Yvonne Schmidt had been feeling a little under the weather in the weeks leading up to her August 2009 wedding in Minnesota to her husband Dan Schmidt, but thought it was the fatigue and nervousness that came along with planning a big event.

“I just kept telling myself, ‘It’s the stress of the wedding,’” Yvonne said.

The newlywed couple was set to honeymoon on Lake Superior exactly one day after their wedding, but made a stop at the doctors’ office because Yvonne was suffering from a sore throat and a feeling of tightness in her head, even after taking down her up-do and tiara from the previous day.

After hours of poking and prodding, doctors told them Yvonne had cancer — specifically, acute promyelocytic leukemia—and needed immediate intense treatment, the South Washington County Bulletin reported. The honeymoon would have to wait.

“When we heard the news it was really hard to believe. I kept thinking, is there something I could have done? Why was this happening now?” Yvonne said.

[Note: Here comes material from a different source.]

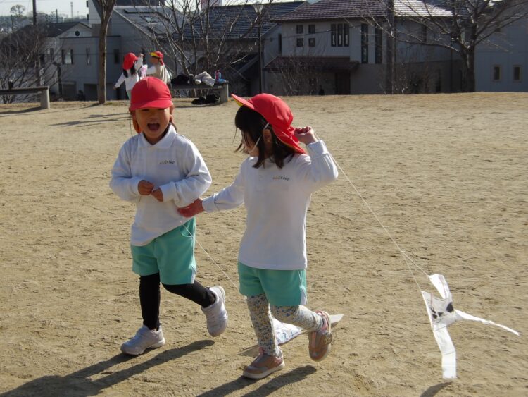 仲良しの友だちと手を繋いで一緒に走りながら凧を揚げる姿も☺️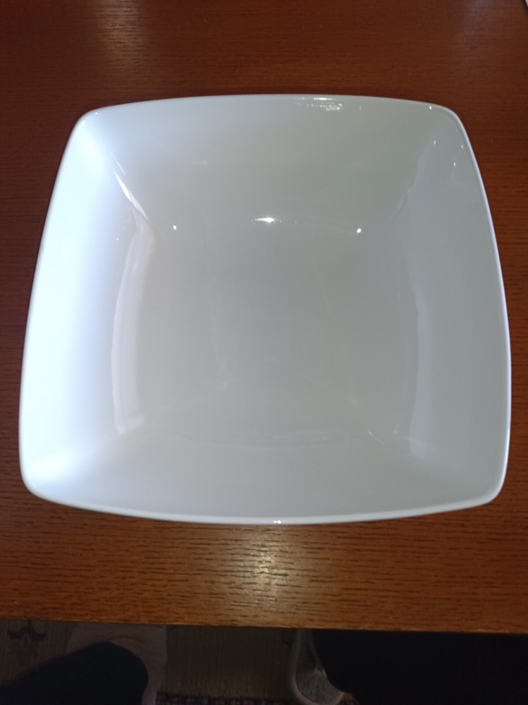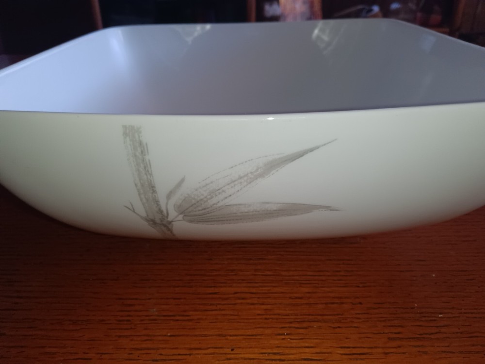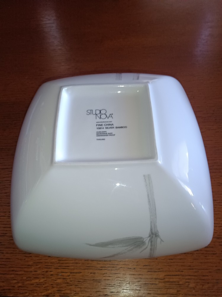 Add a touch of elegance to your table setting with this beautiful, used Studio Nova, by Mikasa, "Silver Bamboo" Square Serving Bowl. The pattern has been discontinued since 2007. The bowl piece number is Y0814. Crafted from fine bone china and featuring a glossy finish, this 10 3/8" bowl is perfect for all occasions. The bowl features a stunning bamboo pattern that will surely impress your guests. This serving bowl is oven, microwave, and dishwasher safe, making it easy to use and care for. The bowl has minor wear from previous use. The bowl has no chips, cracks, or crazing. With a weight of 3 lbs. 8.1 oz., it is sturdy enough for everyday use, yet elegant enough for special occasions. Don't miss out on this original piece, manufactured in Thailand in 2003-2007.

The good news was that the leukemia was caught early enough to cure, but not without three extreme treatments of chemotherapy.

“The first time she went through it, I was so scared for her,” Dan recalled. “It was all so new to us. I don’t think either of us even had anybody in our lives who had gone through this.”

The Schmidt’s first nights as a married couple were not spent where they imagined, but they were spent together. The first 29 days following the wedding were in a hospital room, with Dan at Yvonne’s bed side almost constantly—except the Sunday afternoons that she insisted he go watch football with his buddies.

The only other time Dan and Yvonne spent apart during her treatment was in November when Dan contracted the H1N1 virus, at a time when she was very susceptible to infection.

“I came home from work, had a temperature of 101.2 degrees, went to the doctor and they said, ‘Stay home, stay away from your wife,’” Dan said.

Yvonne, a two-time marathoner, returned to work in February and is now in remission. She will be on medication for the next two years to ensure she remains cancer-free, and is looking forward to a new start in her marriage.

“We’re finally starting to live that normal newlywed life,” she said. “It’s a good feeling.”